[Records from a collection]
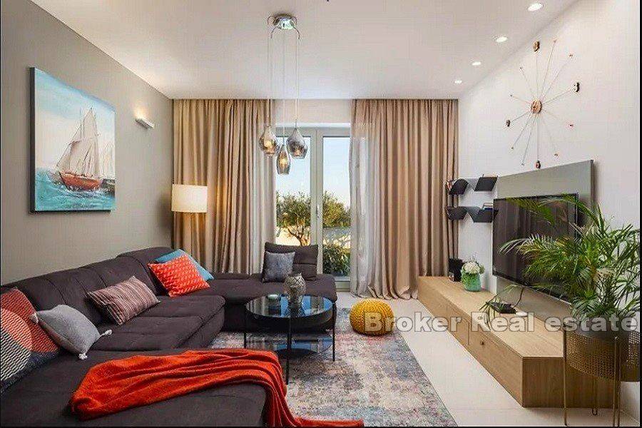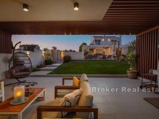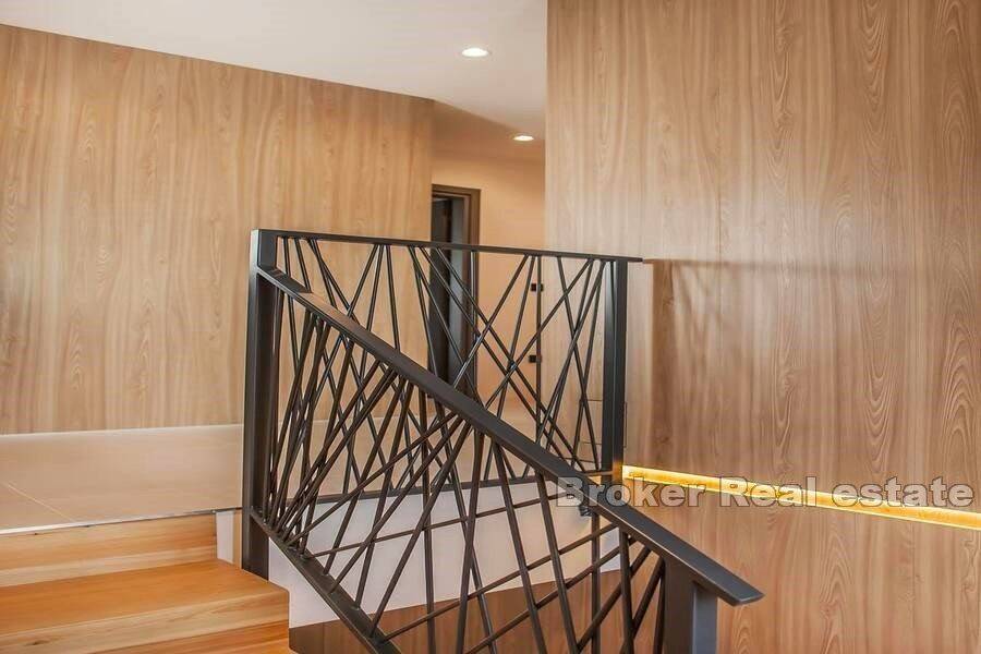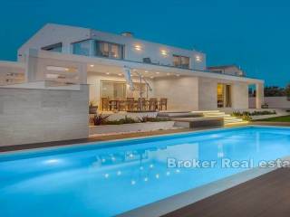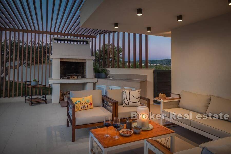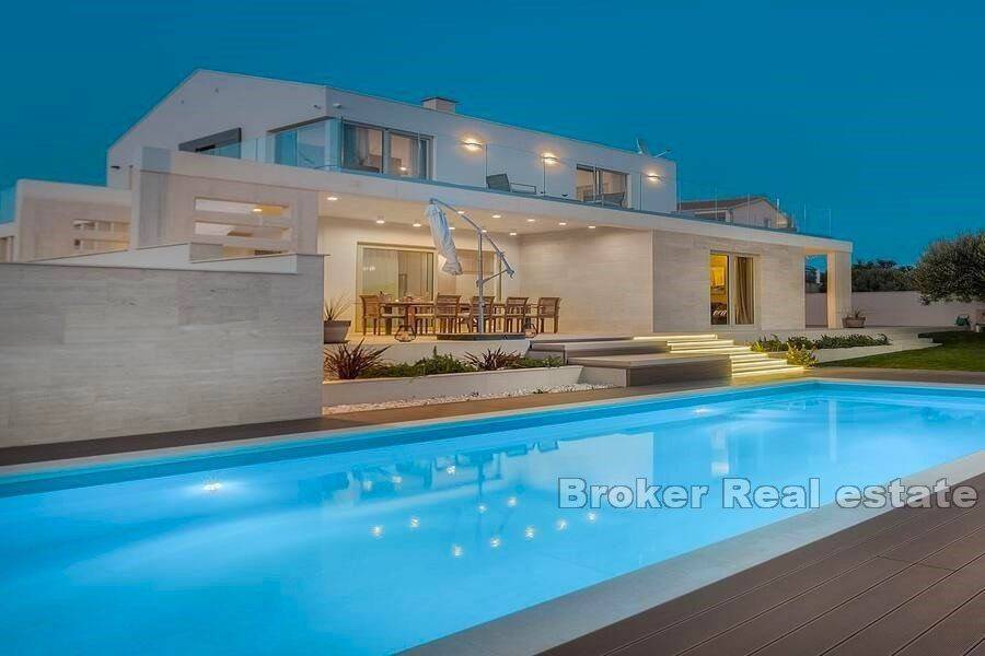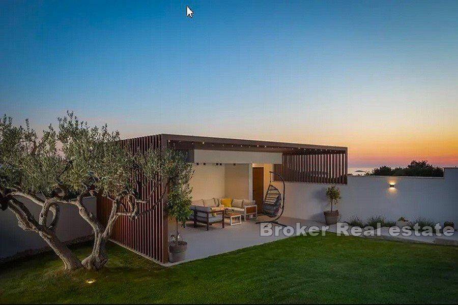 Luxury villa in Primošten with sea view. The superbly equipped and decorated villa is spread over three floors: The basement with two entrances, one outside and one inside, is designed as a playroom for children and adults, on this floor there is also a storage room and a laundry room. The ground floor consists of a kitchen and dining room, a spacious living room with access to a covered terrace, a bedroom with a separate entrance and a bathroom. The first floor consists of three bedrooms, each with its own bathroom and access to the south-facing terraces, which offer a panoramic view of the sea and the surrounding nature. The yard which is spacious, all horticulture is under irrigation system. on it, in addition to the heated swimming pool with a sunbathing area, there is also an outdoor kitchen, a fireplace, a pergola, a toilet and a shower The villa is furnished with custom-made furniture and is also superbly equipped: video/alarm system, underfloor heating, heat pump for heating and cooling, solar panels for hot water, wood-burning fireplace, 5 indoor air conditioning units, porcelain panels on the edges of the garden, fast charger for electric cars, etc.
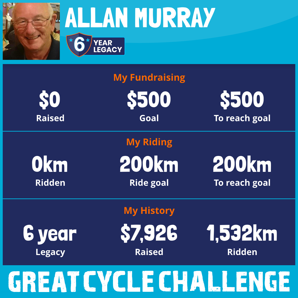 My name is Allan Murray, and as a 75 year old cyclist I'm promising to ride 300 kilometres in the month of October as I take part in the Great Cycle Challenge which raises funds to fight against those mongrel diseases, CHILDHOOD CANCERS.
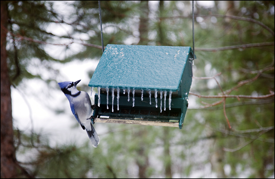 The Blue Jays have figured out the anti-squirrel feature of the feeder
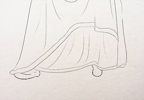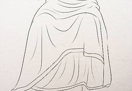 Start the lower half. Draw two stretched outlines for the robe around the legs. Since the position is sitting, it is going to look like so with lines and shading. Draw some curved sleeping lines to show the legs in the sitting position. Extend the robe further below and make the lines in a more wider as it reaches the hem or the feet. Make the hem wavy or you can show a pleated or folded look with box-like pattern drawn near the hem.
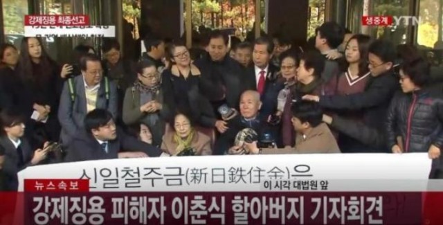 2018年10月30日,韩国最高法院判定相关日本企业向4名二战期间被日方强征的韩国劳工每人赔偿1亿韩元。4人中唯一在世的94岁韩国老人李春植召开记者会发表感想。图片来源:韩国YTN电视台视频截图
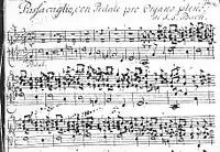 Пасакалія (фр. passacaille, італ. passacaglia, ісп. pasacalle, від pasar — проходити і calle — вулиця[1]) — спочатку іспанська пісня, а з кінця XVI століття — танець святкового або маршеподібного характеру, який виконувався на вулицях під час проводів гостей по закінченні свята. З другої половини XVII століття — як велика і розвинена музична форма переважно поліфонічного складу. Стала відомою завдяки творчості німецьких композиторів-органістів Йоганна Пахельбеля, Дітріха Букстегуде, Йоганна Себастьяна Баха, Георга Генделя.
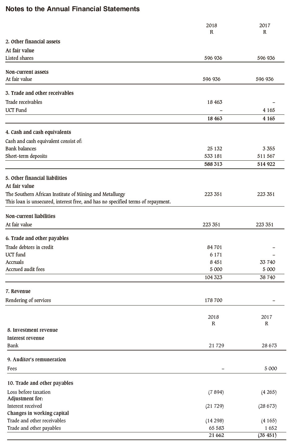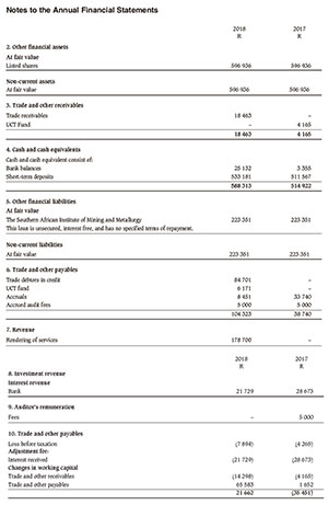 We were engaged to audit the annual financial statements of The Southern African Institute of Mining and Metallurgy Western Cape Branch set out on pages 991-996, which comprise the statement of financial position as at 30 June 2018, and the statement of comprehensive income, statement of changes in equity and statement of cash flows for the year then ended, and notes to the annual financial statements, including a summary of significant accounting policies.
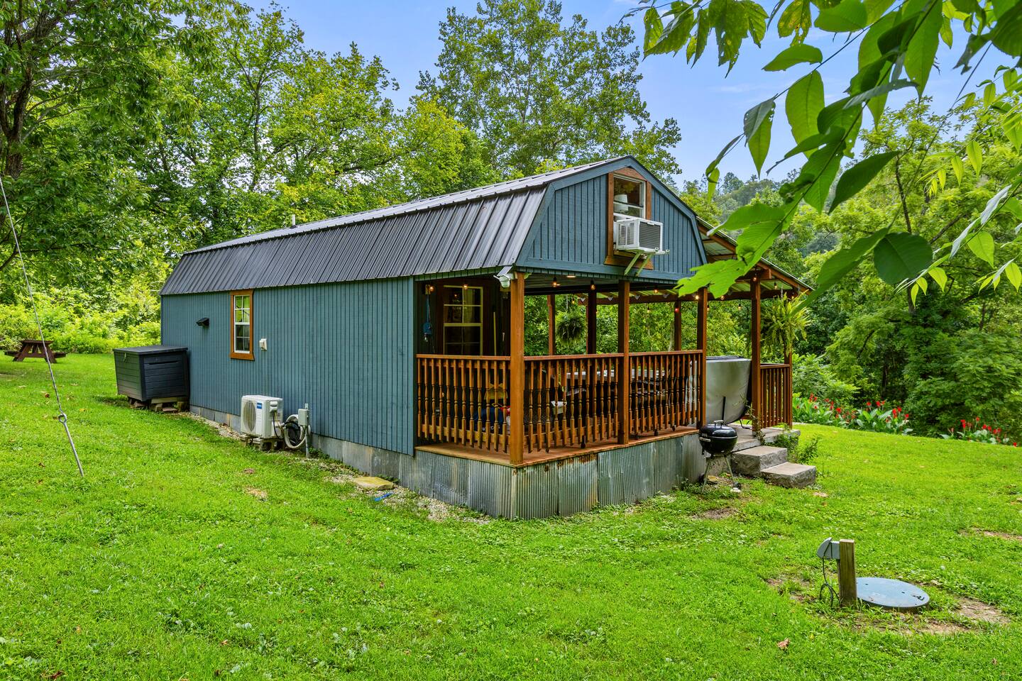 Escape to this peaceful and private tiny home just steps from the Kentucky River. Surrounded by nature, it’s perfect for outdoor lovers with nearby hiking, climbing, and boating. After a day of adventure, relax in the hot tub on the porch or gather around the fire pit. With retro vibes, fast WiFi, and AC, this cozy retreat offers the perfect blend of rustic charm and modern comfort. Recharge, unwind, and soak in the serene beauty of the Kentucky countryside.
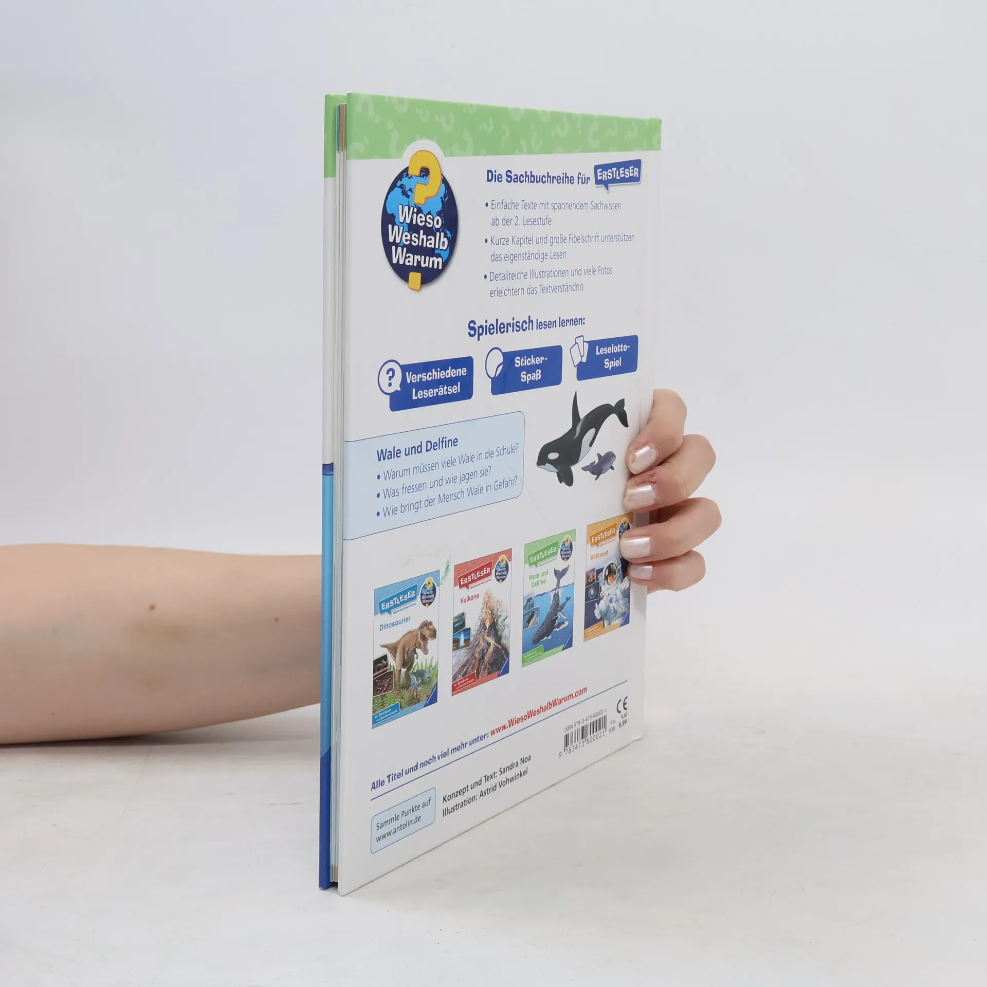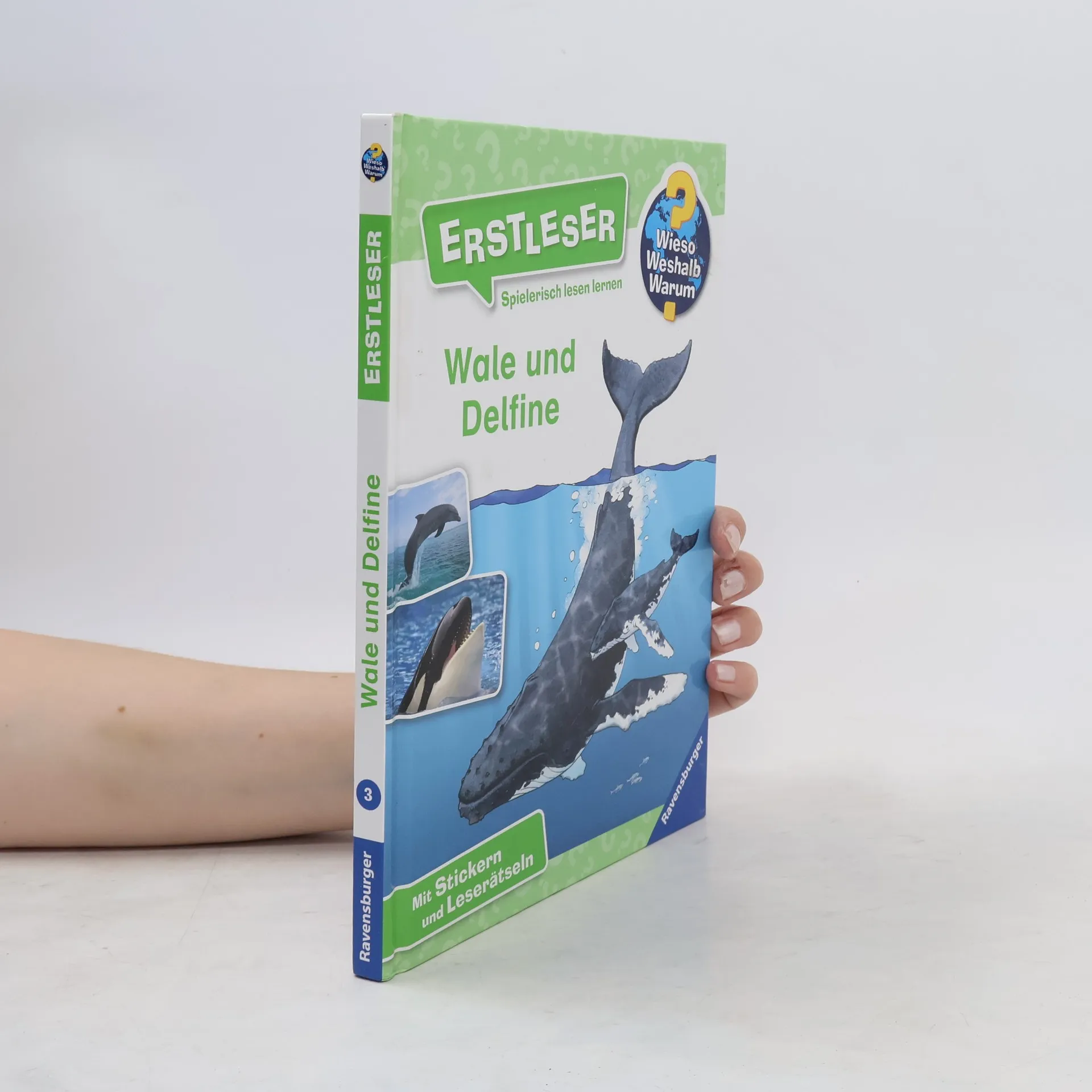 Wie schlafen Wale? Was können wir von ihnen lernen? Wodurch sind Wale und Delfine gefährdet? All das finden Erstleser nun Zeile für Zeile selbstständig heraus, indem sie mit diesem Band in die Welt der Meeressäuger abtauchen. Einfache und kurze Texte machen das Selberlesen kinderleicht. Anschauliche Illustrationen und Fotos unterstützen dabei. Und dank unterschiedlicher Rätsel und Sticker gelingt das Lesen ganz spielerisch. Wieso? Weshalb? Warum? Erstleser Die Sachbuchreihe für Kinder ab der 2. Lesestufe Lesetraining, Sachwissen und Spielspaß in einem! Mit der Reihe Wieso? Weshalb? Warum? Erstleser erschließen sich Kinder ihre Lieblingsthemen selbst. In vier Kapiteln beantworten die Bücher brennende Kinderfragen in kurzen, leicht verständlichen Sätzen. Wie lebt man auf einer Raumstation? Welche Sprache sprechen Wale? Wie gefährlich ist ein Vulkan? Illustrationen und Fotos helfen den Kindern dabei, das Gelesene zu verstehen. Zusätzlich gibt es am Ende jedes Kapitels Buchstaben- und Kreuzworträtsel, Suchbilder, Sudokus und vieles mehr. Ganze acht Seiten mit unterschiedlichsten Rätseln und ein Lesequiz laden zum Knobeln ein. Ein Leselotto-Spiel hilft beim Verständnis schwieriger Wörter. Auf einer Stickerseite zeigen Texte, wo welcher Aufkleber hingehört. Spielerisch lesen lernen wird hier großgeschrieben.
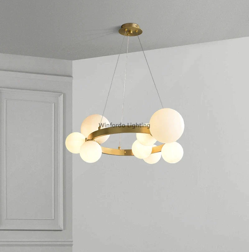 Στρογγυλός χρυσός πολυέλαιος LED με γυάλινες μπάλες
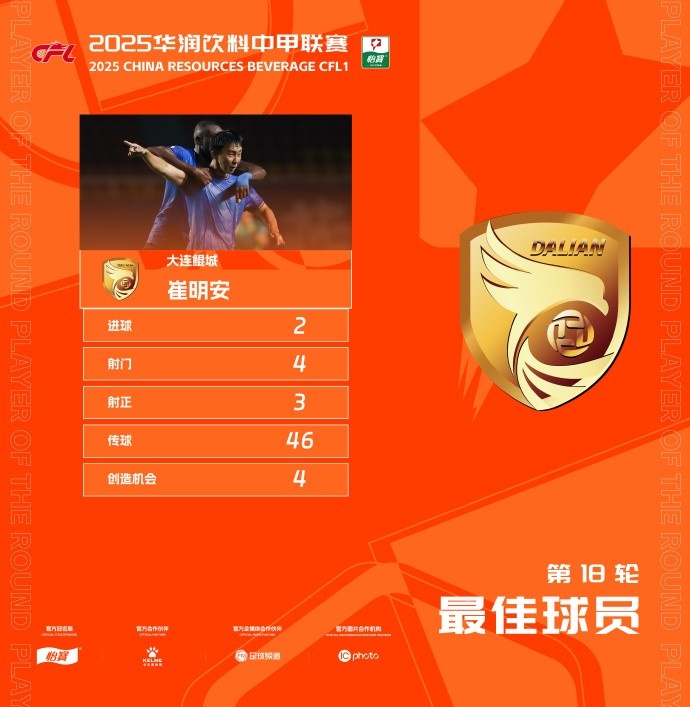 7月31日讯 分钟内连入两球帮助大连鲲城完成逆转的崔明安,当选为中甲第18轮最佳球员。
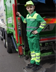 Ez a jelmez ideális minden kis kukásautó-rajongónak! A szett tartalmazza a feliratos blúzt, sapka és nadrág, mind fényvisszaverő elemekkel a jobb láthatóság érdekében.
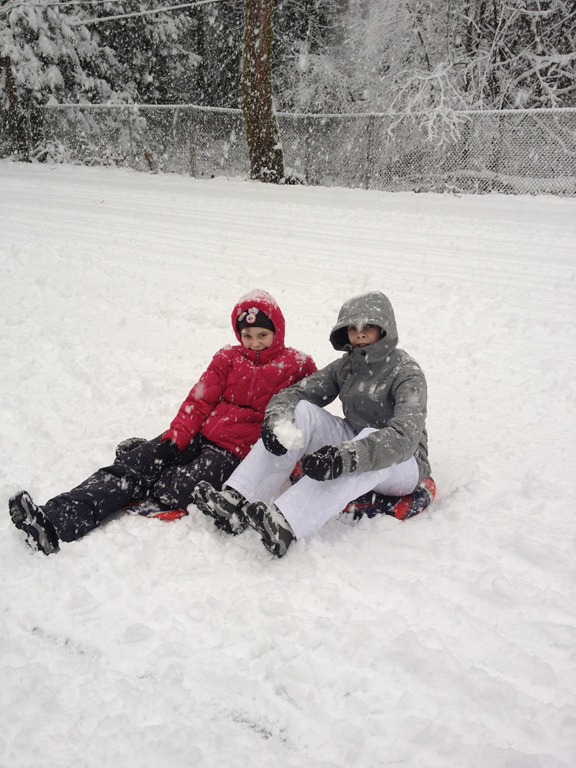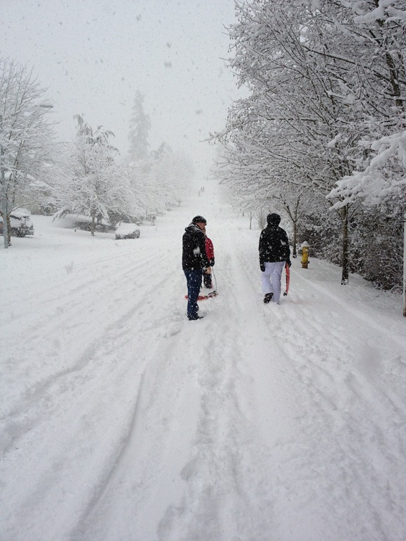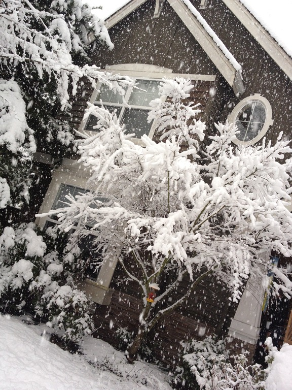 till Redmond. Jag tror att vi hade turen att få mest här omkring. Livet blir så mycket ljusare och himlen får en ovanligt blå färg. När vi vaknade i morse låg snön kvar och mer har börjat dala ner. Det börjar närma sig 20 cm av fluff. Och barnen hoppas på snödagar i skolan.
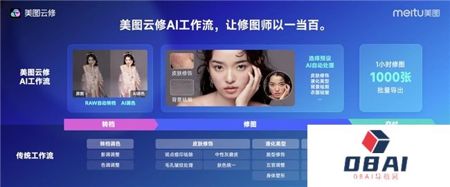 此次发布的美图云修V2重点解决专业修图关键痛点调色,推出AI批量调色功能,助力修图师大幅提效。
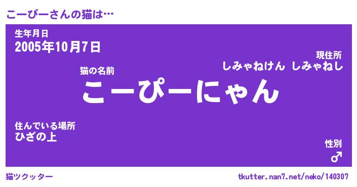 | 男性向けラノベタイトル風あだ名 | 『こーぴーの憂鬱』 |
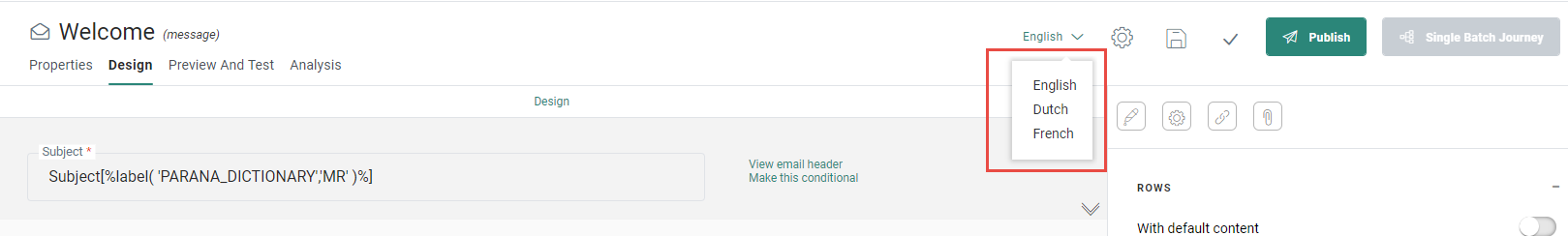 An email has content created in three languages: English (en-US), French (fr-FR) , Dutch (nl-BE) :![]()

• [Work request]: Where pictures appear, drop them, and reproduce exactly only the lines running from the beginning of the data to the line that contains "2018年10月30日,韩国", inclusive.

• [Task response]:
 Luxury villa in Primošten with sea view. The superbly equipped and decorated villa is spread over three floors: The basement with two entrances, one outside and one inside, is designed as a playroom for children and adults, on this floor there is also a storage room and a laundry room. The ground floor consists of a kitchen and dining room, a spacious living room with access to a covered terrace, a bedroom with a separate entrance and a bathroom. The first floor consists of three bedrooms, each with its own bathroom and access to the south-facing terraces, which offer a panoramic view of the sea and the surrounding nature. The yard which is spacious, all horticulture is under irrigation system. on it, in addition to the heated swimming pool with a sunbathing area, there is also an outdoor kitchen, a fireplace, a pergola, a toilet and a shower The villa is furnished with custom-made furniture and is also superbly equipped: video/alarm system, underfloor heating, heat pump for heating and cooling, solar panels for hot water, wood-burning fireplace, 5 indoor air conditioning units, porcelain panels on the edges of the garden, fast charger for electric cars, etc.
 My name is Allan Murray, and as a 75 year old cyclist I'm promising to ride 300 kilometres in the month of October as I take part in the Great Cycle Challenge which raises funds to fight against those mongrel diseases, CHILDHOOD CANCERS.
 The Blue Jays have figured out the anti-squirrel feature of the feeder
 Start the lower half. Draw two stretched outlines for the robe around the legs. Since the position is sitting, it is going to look like so with lines and shading. Draw some curved sleeping lines to show the legs in the sitting position. Extend the robe further below and make the lines in a more wider as it reaches the hem or the feet. Make the hem wavy or you can show a pleated or folded look with box-like pattern drawn near the hem.
 2018年10月30日,韩国最高法院判定相关日本企业向4名二战期间被日方强征的韩国劳工每人赔偿1亿韩元。4人中唯一在世的94岁韩国老人李春植召开记者会发表感想。图片来源:韩国YTN电视台视频截图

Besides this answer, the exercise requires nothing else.